下記のモデルによって、最も簡素でオーソドックスな説明をします。
① 株主はA社株式1株、B社株式1株を保有。
② A社はB社を吸収合併し、B社は消滅します。
③ 合併によりB社株式は消滅します。
株主はB社株式の代わりに、A社株式を1株をもらいます。
上記が簡単な合併のモデルです。
なお「無対価合併」とは、紙切れになるB社株式の代わりに交付されるA社株式の交付(以下、対価の交付)が一切ない合併のことをいいます。
改正前の無対価適格合併のモデル
合併に伴う対価の交付が省略でき、更に適格合併に該当すれば、再編もスムーズに進みます。
しかし、平成30年改正前の「無対価適格合併」の要件は、下記の4つのモデルに限られていました。
なお、注意点として、下記の点が挙げられます。
◇ 注意点 ◇
・「全部を保有する」とは「直接保有する」事であり、「間接保有」の事ではないこと。
・「一の者」とは法人の場合は1社、個人の場合は1人を指し、特殊関係者である親族や法人関係は一切含まないこと。
・合併後においても、当該同一の者と合併に係る合併法人との間に当該同一の者による完全支配関係が継続することが見込まれていること
Ⅰ 合併法人(A社)が被合併法人(B社)の発行済株式等の全部を保有する関係
Ⅱ 一の者(A社)が被合併法人(B社)および合併法人(C社)の発行済株式等の全部を保有する関係
Ⅲ 合併法人(B社)およびその合併法人(B社)の発行済株式等の全部を保有する者(A社)が被合併法人(C社)の発行済株式等の全部を保有する関係
Ⅳ 被合併法人(C社)およびその被合併法人(C社)の発行済株式等の全部を保有する者(A社)が合併法人(B社)の発行済株式等の全部を保有する関係
改正後の無対価適格合併のモデル
平成30年改正後の「無対価適格合併」の要件については、上記Ⅱのモデルの場合について改正が行われました。

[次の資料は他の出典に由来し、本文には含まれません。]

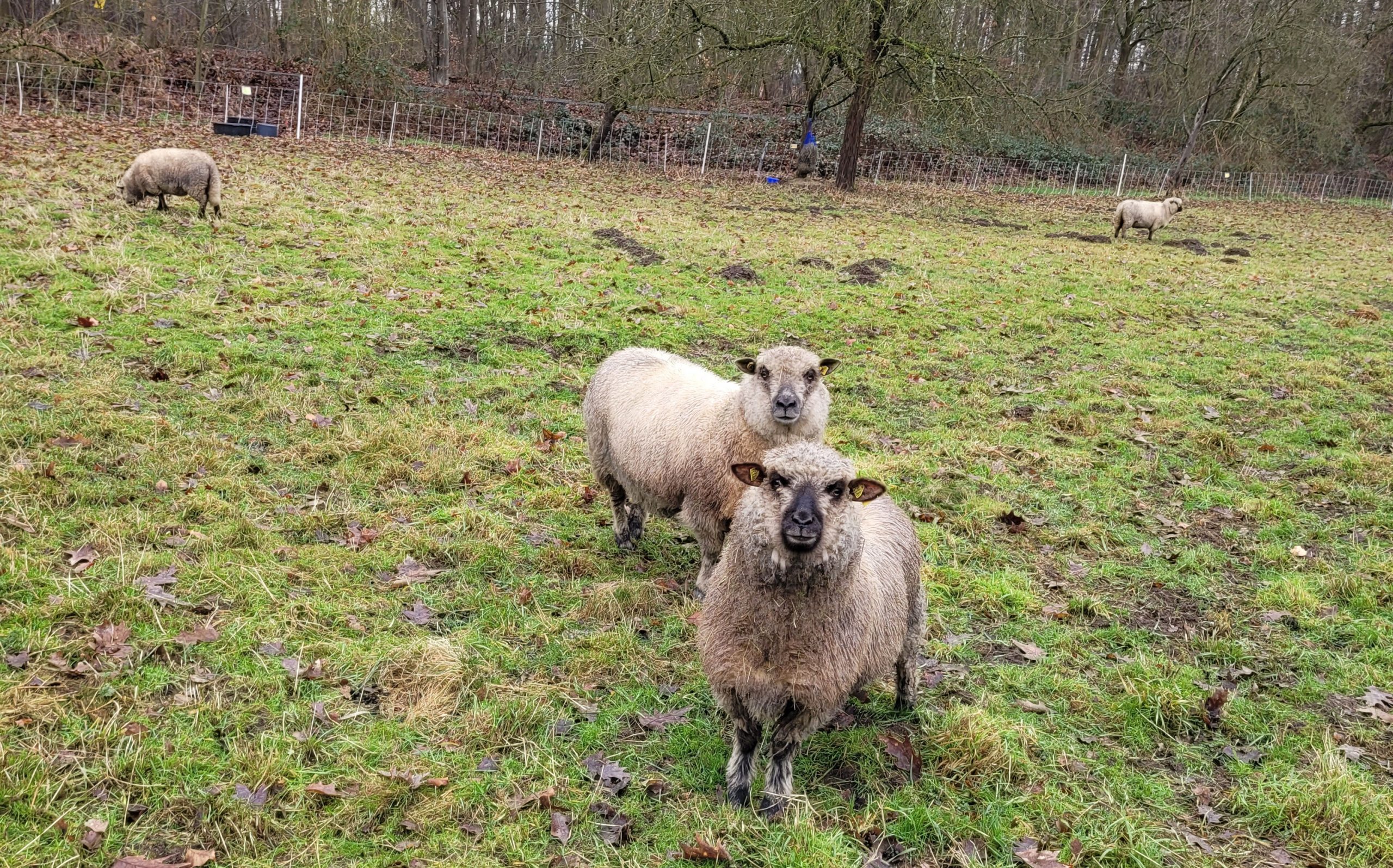 Letzte Sicherheitsvorkehrungen, raus aus dem Hänger – und dann nehmen die Shropshire-Schafe freudig ihre Arbeit auf. Eine wichtige Eigenschaft dieser Schafe für die Landschaftspflege ist, dass sie nur Gras fressen und keine Rinde abschälen. Sie eignen sich also besonders gut als Rasenmäher auf Streuobstwiesen wie hier und z. B. in Weihnachtsbaumplantagen. [videopack id=“7059″]https://marienviertel.de/wp-content/uploads/2022/02/WhatsApp-Video-2022-02-05-at-19.55.37.mp4[/videopack] … Und…

従前においては、株主が法人であっても、個人であっても、「必ず単数の者が被合併法人と合併法人の発行済株式等の全部を保有する関係」とされていました。
改正後(適格となる類型追加)のⅡについて、率直に説明すると、「複数の株主が合併法人と被合併法人の株式を有していても、株主ごとの出資比率が合併法人と被合併法人で同様であれば、適格となる」とされています。
具体的には、下記のモデルとなります。
注意事項としては、その後も同一の者による完全支配関係の継続、また株式直接保有要件については、改正後においても変わりありません。
無対価合併のよくある注意点
最後に「無対価適格合併」の注意点として挙げられる点は、「100%グループ内の孫会社や兄弟会社の合併」です。
孫会社や兄弟会社については、100%グループであっても適格要件を満たしません。
直接保有の要件を満たしていないからです。
具体的には、下記のモデルの場合です。
100%グループ内で株式関係が完結しており、一見適格要件を満たすように思います。
しかし、C社の株主はB社であり、D社の株主はA社です。
よって株主が異なり直接保有ではない為、適格要件には該当しません。
根拠法令
まとめ
平成22年に「無対価適格」の要件について明文化されました。
中小法人においても、合併にとどまらず分割や株式移転についても、利用しやすい環境が整いつつあります。
ただし、無対価についてはその類型が限られている為、適用対象となる株式保有関係の確認が必須です。